Burgos estava ao seu lado já fazia alguns minutos, tomaram algumas cervejas e depois combinaram de fumar um baseado lá no pátio do José Olímpio. Apesar de ser seu irmão, ele nunca tinha sido tão bem tratado assim por Burgos, e quando acenderam o baseado ele perguntou o que tava pegando. Burgos respondeu que ele iria subir, porque tava com o vírus da AIDS. Ele tremeu e quase derrubou o bagulho, mas pensou se tratar de uma brincadeira e disse que o vírus ainda não havia se manifestado, e talvez nem chegasse a se manifestar, afinal a medicina estava avançando a cada dia. Burgos nada respondeu, puxou uma pistola italiana Beretta calibre 22 LR da cintura e mandou ele dar o último trago de sua vida. Ele fumou, jogou a ponta no chão e caiu na quadra com um único tiro no meio da testa. Burgos disparou somente uma vez, mas não foi pra economizar bala, foi para, no caso de alguma caguetagem, poder alegar legítima defesa. Colocou a pistola na cintura novamente, pegou a pontinha no chão, voltou a acendê-la e saiu fumando pela favela.
(…)
Na pizzaria, cerveja era água. Ratinho, Jacaré e Ceará haviam assaltado uma loja de conveniência em Moema e estavam bancando tudo. Geóvas, Pássaro, Zé do Carmo, Kim, Jura e outros manos tavam só na serra, a noite estava garantida.
(…)
Na boca, China comprava umas buchas para ele fumar com Ratinho, Naná e Mixaria. Marquinhos havia acabado de chegar, tinha vendido quase toda a carga de algodão e apesar de estar a fim de beber umas cervejas geladas, não iria à pizzaria por causa de sua mina, que o esperava em casa para uma longa noitada de amor.
(…)
A dois metros dali, seu amigo Testa sentia o frio do aço quando este penetrou sua boca, sua língua se contraiu e seus dentes bateram com força no cilindro da morte.
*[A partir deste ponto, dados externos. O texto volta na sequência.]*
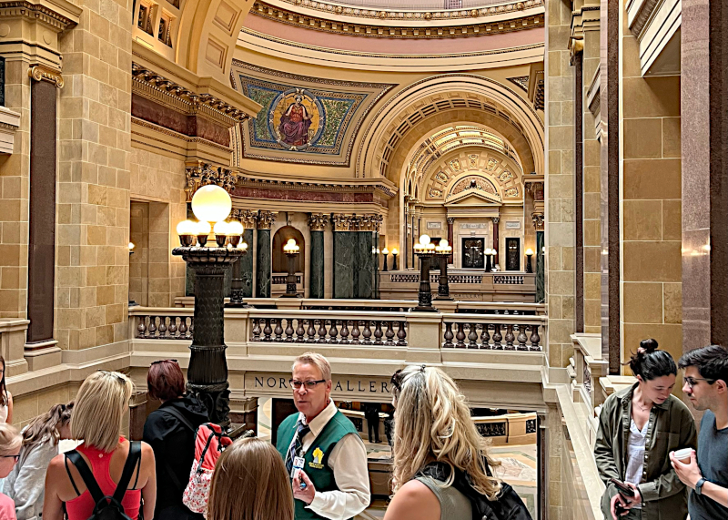 Other Notables: The Wisconsin State Capitol Building is the third such state government building we’ve toured. In some ways, each building is grandiose in its construction and the stated purpose (good old American Democracy – I’ve heard the phrase “remember, this is the Peoples’ house” on all these tours.) I think many people have soured on this idealized view of their government, but there’s no doubt that the buildings themselves haven’t lost any of their charm and historical value…If only all hotels could have a place like La Taguara within walking distance: their Catira and Llanera Venezuelan Arepas were perfect dine-inside your hotel room…Good old rich butterfat ice cream is a treat for most everyone (even for slightly lactose intolerant folks like me) so it’s not surprising that we have found Madison-based Chocolate Shoppe Ice Cream served in places from Bemidji, MN down to Columbus, OH. Always nice to have it at the source however and the downtown location has all the ice cream shop trappings you could want…The good news: Madison’s Henry Vilas Zoo is free, and it has quite a few areas available for the public to bring in a packed lunch. The bad news is that it’s a free admission zoo: funding is not guaranteed, and a few sections of the facility are a bit on the shopworn side, which is unfortunately the risk you run with such a setup. Parking surrounding the zoo is also not as plentiful as one might one (we showed up early during the week and had issues.) I’d say this zoo is mainly a locals’ affair, but if you’re in town looking for cheap entertainment for your kids, this zoo will do the trick, and we managed to score the best animal-related video (shown below) of the trip here…Unsurprising that a college town and capital city has its share of coffee establishments, and Wonderstate’s downtown location offers up ample glass windows and a view of the Statehouse along with its well-crafted coffee drinks and pastries…Meanwhile, Stone Creek Coffee (no pictures, unfortunately) is a regional small-sized coffee chain (closest equivalent here in Central Ohio I can think of is Dayton-based Boston Stoker) with cafes scattered from Milwaukee westward into the Oconomowoc (where we saw our last minor league baseball game) area. If you’re mermaid-phobic and nothing hyperlocal is available, you could do far worse than Stone Creek (and their Jinglesnap Ginger Molasses Cookie is great roadtrip snacking)…Finally, we didn’t get to any of it, but any Frank Lloyd Wright aficionados will definitely want to hit up his works in the Madison area and surroundings. Signs for The Frank Lloyd Wright Trail were visible all around during our stay in Wisconsin.

Burgos segurou o cano firmemente na boca de Testa e lhe fez elogios com demasiado ar de superioridade, suas palavras não alcançavam o pequeno menino viciado em pedra e pixador nas horas vagas, pequeno devedor, muito pequeno para tão grande dívida. A lei na quebrada não é a quantia, mas sim o respeito, que deve acima de tudo prevalecer. Burgos arrancou o cano rapidamente de sua boca, e o garoto gritou quando sentiu que ainda estava vivo, os espaços em sua boca ficaram vagos, os dentes foram arrancados pelo cano do revólver. Ele tentou pedir socorro, mas sua boca pronunciou palavras estranhas, não que isso fizesse diferença quanto a alguém o ajudar, ele desistira pois sabia que nada iria fazê-lo sentir mais dor do que a abstinência da droga. Ele se entregou e aceitou a morte como se aceitasse um grande presente, em seus pensamentos as palavras finais de Burgos não contavam, ele viu lindas paisagens, ele estava viajando, mas foi ruim o ar que entrou em sua boca quando o primeiro tiro foi efetuado, Deus! Como é ruim, não dói, pensou o menino. Simplesmente o ar entrou pelo furo e provocou um frio insuportável, são dois os tiros, e então três, mas o frio impedia seu raciocínio e ele viu um médico, sua mãe o pegou no colo e beijou sua testa, seu pai lhe deu um caminhão no Natal, seus amigos lhe fizeram uma linda festa surpresa, sua primeira namorada foi a Regina, filha da Dona Dulce, seu amigo lhe deu um cd do Gog de presente e ele escutou: “Um corpo estendido no meio da rua, somente Deus por testemunha”. Testa se arrepiou todo. O Mixaria lhe vendeu seu primeiro cano, foi uma Pistola GP-35 Browning, um tesão de arma, fabricada na Bélgica, e foi também o Mixaria que o convidou a cometer seu primeiro assalto, seu avô o adorava e não acreditava naqueles boatos, sua avó ainda tinha na sala seu retrato, sua coleção de moedas antigas continuava guardada, ele não viu o rosto de seu irmão quando soube da conta bancária que ele havia aberto para ele, não viu a cara dos vizinhos quando chegou do serviço de gravata e de celular, certamente disseram, que nego enjoado, mas não viu, não viu.